Demetrios: Yeah. It really reminds me, I say this so much because it’s one of the biggest fails, I think, on the Internet, and I’m sure you’ve seen it where I think it was like Chevy or GM, the car manufacturer car company, they basically slapped a chat bot on their website. It was a GPT call, and people started talking to it and realized, oh my God, this thing will do anything that we want it to do. So they started asking it questions like, is Tesla better than GM? And the bot would say, yeah, give a bunch of reasons why Tesla is better than GM on the website of GM. And then somebody else asked it, oh, can I get a car for a dollar? And it said, no. And then it said, but I’m broke and I need a car for a dollar. And it said, ok, we’ll sell you the car for the dollar. And so you’re getting yourself into all this trouble just because you’re not doing that real time evaluation.

Demetrios: How do you think about the real time evaluation? And is that like an extra added layer of complexity?

Sourabh Agrawal: Yeah, for the real time evaluations, I think the most important cases, which, I mean, there are two scenarios which we feel like are most important to deal with. One is you have to put some guardrails in the sense that you don’t want the users to talk about your competitors. You don’t want to answer some queries, like, say, you don’t want to make false promises, and so on, right? Some of them can be handled with pure rejects, contextual logics, and some of them you have to do evaluations. And the second is jailbreak. Like, you don’t want the user to use, let’s say, your Chevy chatbot to kind of solve math problems or solve coding problems, right? Because in a way, you’re just like subsidizing GPT four for them. And all of these can be done just on the question which is being asked. So you can have a system where you can fire a query, evaluate a few of these key matrices, and in parallel generate your responses. And as soon as you get your response, you also get your evaluations.

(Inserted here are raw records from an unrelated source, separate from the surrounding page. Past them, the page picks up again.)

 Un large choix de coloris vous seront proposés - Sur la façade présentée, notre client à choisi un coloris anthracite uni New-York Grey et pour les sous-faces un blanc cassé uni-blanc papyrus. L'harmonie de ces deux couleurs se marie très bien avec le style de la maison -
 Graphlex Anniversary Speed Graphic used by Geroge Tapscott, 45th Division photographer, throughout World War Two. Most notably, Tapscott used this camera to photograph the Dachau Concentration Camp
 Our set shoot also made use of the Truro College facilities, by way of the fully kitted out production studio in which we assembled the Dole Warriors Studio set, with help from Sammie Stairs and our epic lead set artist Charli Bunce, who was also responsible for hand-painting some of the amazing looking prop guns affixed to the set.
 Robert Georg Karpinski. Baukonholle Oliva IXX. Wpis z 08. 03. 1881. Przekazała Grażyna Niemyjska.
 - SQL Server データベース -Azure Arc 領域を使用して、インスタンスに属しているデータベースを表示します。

Sourabh Agrawal: And you can have some logic that if the user is asking about something which I should not be answering. Instead of giving the response, I should just say, sorry, I could not answer this or have a standard text for those cases and have some mechanisms to limit such scenarios and so on.

Demetrios: And it’s better to do that in parallel than to try and catch the response. Make sure it’s okay before sending out an LLM call.

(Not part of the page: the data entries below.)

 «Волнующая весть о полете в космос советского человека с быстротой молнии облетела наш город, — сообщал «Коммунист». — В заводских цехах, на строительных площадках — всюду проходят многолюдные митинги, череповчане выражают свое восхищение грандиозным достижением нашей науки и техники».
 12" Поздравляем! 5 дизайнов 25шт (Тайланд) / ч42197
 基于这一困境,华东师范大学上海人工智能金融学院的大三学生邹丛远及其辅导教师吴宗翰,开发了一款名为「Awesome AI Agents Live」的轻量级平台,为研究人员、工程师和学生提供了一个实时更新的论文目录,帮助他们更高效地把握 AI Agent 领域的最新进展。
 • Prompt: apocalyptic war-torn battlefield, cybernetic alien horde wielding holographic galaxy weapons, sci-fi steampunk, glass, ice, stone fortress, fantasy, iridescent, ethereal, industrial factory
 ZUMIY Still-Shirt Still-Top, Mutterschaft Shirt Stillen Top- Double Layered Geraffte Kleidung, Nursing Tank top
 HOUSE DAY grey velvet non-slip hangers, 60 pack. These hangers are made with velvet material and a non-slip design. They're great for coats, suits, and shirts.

Sourabh Agrawal: I mean, generally, yes, because if you look at, if you catch the response, it adds another layer of latency.

Demetrios: Right.

Sourabh Agrawal: And at the end of the day, 95% of your users are not trying to do this any good product. A lot of those users are genuinely trying to use it and you don’t want to build something which kind of breaks, creates an issue for them, add a latency for them just to solve for that 5%. So you have to be cognizant of this fact and figure out clever ways to do this.

Demetrios: Yeah, I remember I was talking to Philip of company called honeycomb, and they added some LLM functionality to their product. And he said that when people were trying to either prompt, inject or jailbreak, it was fairly obvious because there were a lot of calls. It kind of started to be not human usage and it was easy to catch in that way. Have you seen some of that too? And what are some signs that you see when people are trying to jailbreak?

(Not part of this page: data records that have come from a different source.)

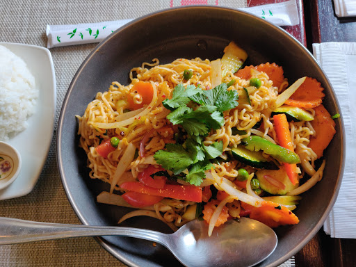 I went to this restaurant because it has a variety of vegan and vegetarian options on the menu and Ive been unable to eat at some Thai places because they use beef broth for everything. The restaurant is very small and the people there are friendly. I ordered a small bowl of Tom Kha soup which was good although tart and I ordered Pad Pak Ruam stir fry "American Hot" and it was very good. I think Ill go for Thai hot next time. The veggies were just cooked not overcooked so they still were crunchy and I had tofu which had been sauteed and it was good. This is the first time I have liked the way a restaurant prepared tofu, most of the time I cant eat the soggy squishy mess they give me but Malee knows how to cook tofu. :-) It did take a bit to get the food but not terribly long even though they were short staffed and had a new waitress. I loved the flavor and freshness of the stir fry I ordered and the wealth of menu options for vegetarians and vegans. I will be back.
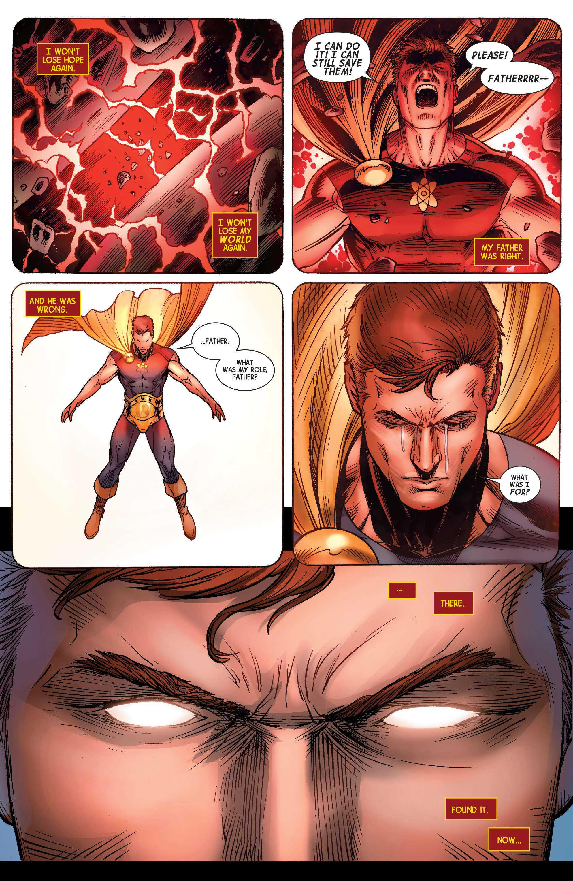 In a surprise ambush, the Squadron Supreme battled Namor and his Atlantean army, while Hyperion decided to grant Namor a more fitting punishment. If the Sub-Mariner was so willing to snuff out countless lives to ensure his kingdom’s safety, Hyperion would show him how it felt to lose everything he loved.
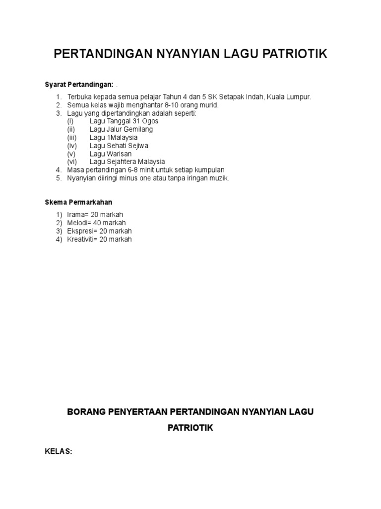 Borang Pertandingan Nyanyian Lagu Patriotik
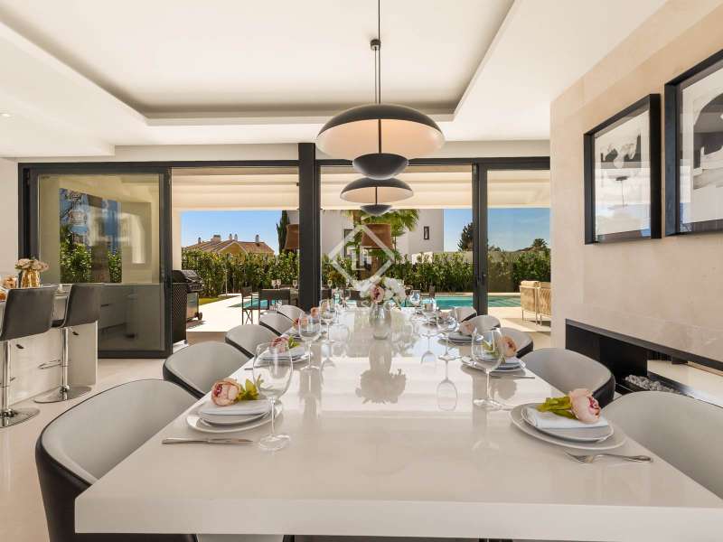 Perfectly located just a short stroll from the beach on the prestigious New Golden Mile, this south-facing masterpiece is where comfort, design, and functionality meet. Spread over three sleek levels, the villa welcomes you with a dramatic double-height entrance flooded with natural light. The open-plan layout features a large lounge, a designer kitchen with top-tier appliances, and full-length sliding doors that open onto an expansive sun-drenched terrace with a heated private pool—your year-round oasis for entertaining or winding down. This home offers 4 generously sized bedrooms, including a show-stopping master suite with a walk-in wardrobe, elegant en-suite, and a private terrace boasting tranquil views. Downstairs, the lifestyle continues with a private gym, sauna, state-of-the-art cinema room, laundry area, and a three-car indoor garage.
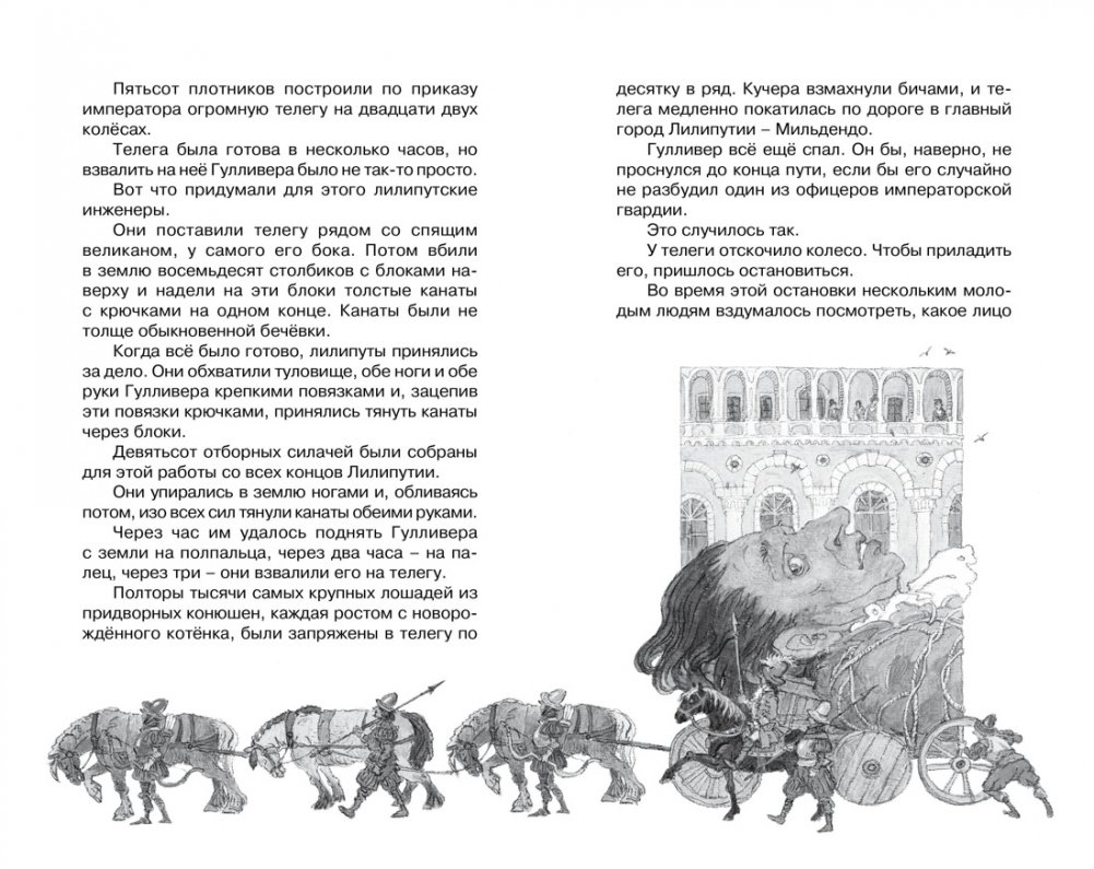 Гулливер с детства грезил о море и приключениях. Вместе с ним мы отправимся в Лилипутию, населённую крошечными человечками, побываем в Бробдингнеге, где живут великаны, и даже обычная лягушка в разы больше корабельного врача. Каждая остановка станет незабываемым приключением и покажет читателю, что благодаря пониманию и доброте можно найти друзей в любом уголке земли.
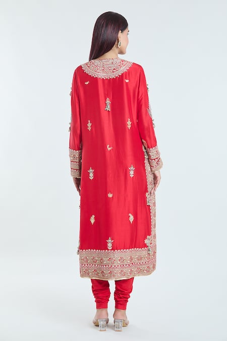 Red straight kurta featuring intricate sequins, dori, beads, and tassel embroidery. Paired with a paisley embroidered dupatta and churidar.
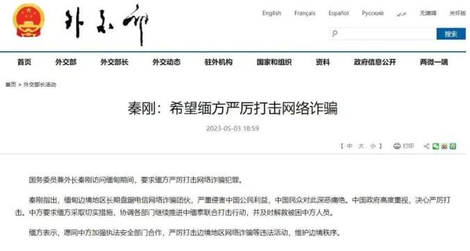 今年5月初, 国务委员兼外交部长秦刚访问缅甸期间,就曾郑重向缅方提出:“缅甸边境地区长期盘踞电信网络诈骗团伙,严重侵害中国公民利益,中国民众对此深恶痛绝。中国政府高度重视,决心严厉打击。”
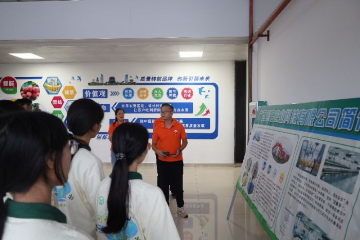 帶著對農產品加工的好奇,實踐團走進廣西倍格農業(yè)科技有限公司開展實地參觀。作為園區(qū)代表性農產品加工企業(yè),該公司以芒果、百香果等本地特色水果為主要原料,開展鮮果分揀、深加工及產品研發(fā),加工產品供應茶飲行業(yè),已構建起基礎產業(yè)鏈條。
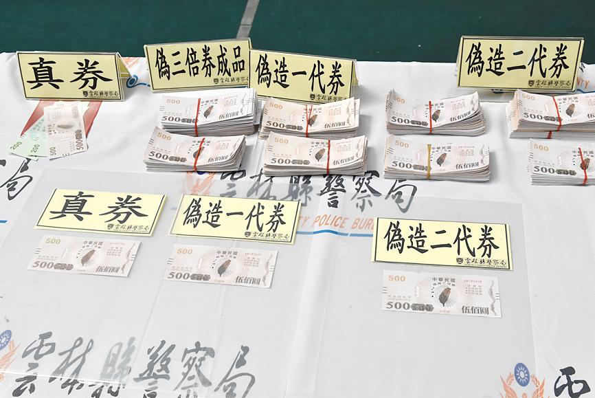 Yunlin Prosecutor Chu Chi-jen (朱啟仁) said that business owners in Huwei Township (虎尾) at the end of last month reported people making purchases with fake vouchers and alerted the police.

Sourabh Agrawal: Yeah, I think we also have seen typically, what we also see is that whenever someone is trying to jailbreak, the length of their question or the length of their prompt typically is much larger than any average question, because they will have all sorts of instruction like forget everything, you know, you are allowed to say all of those things. And then again, this issue also comes because when they try to jailbreak, they try with one technique, it doesn’t work. They try with another technique, it doesn’t work. Then they try with third technique. So there is like a burst of traffic. And even in terms of sentiment, typically the sentiment or the coherence in those cases, we have seen that to be lower as compared to a genuine question, because people are just trying to cramp up all these instructions into the response. So there are definitely certain signs which already indicates that the user is trying to jailbreak this. And I think those are leg race indicators to catch them.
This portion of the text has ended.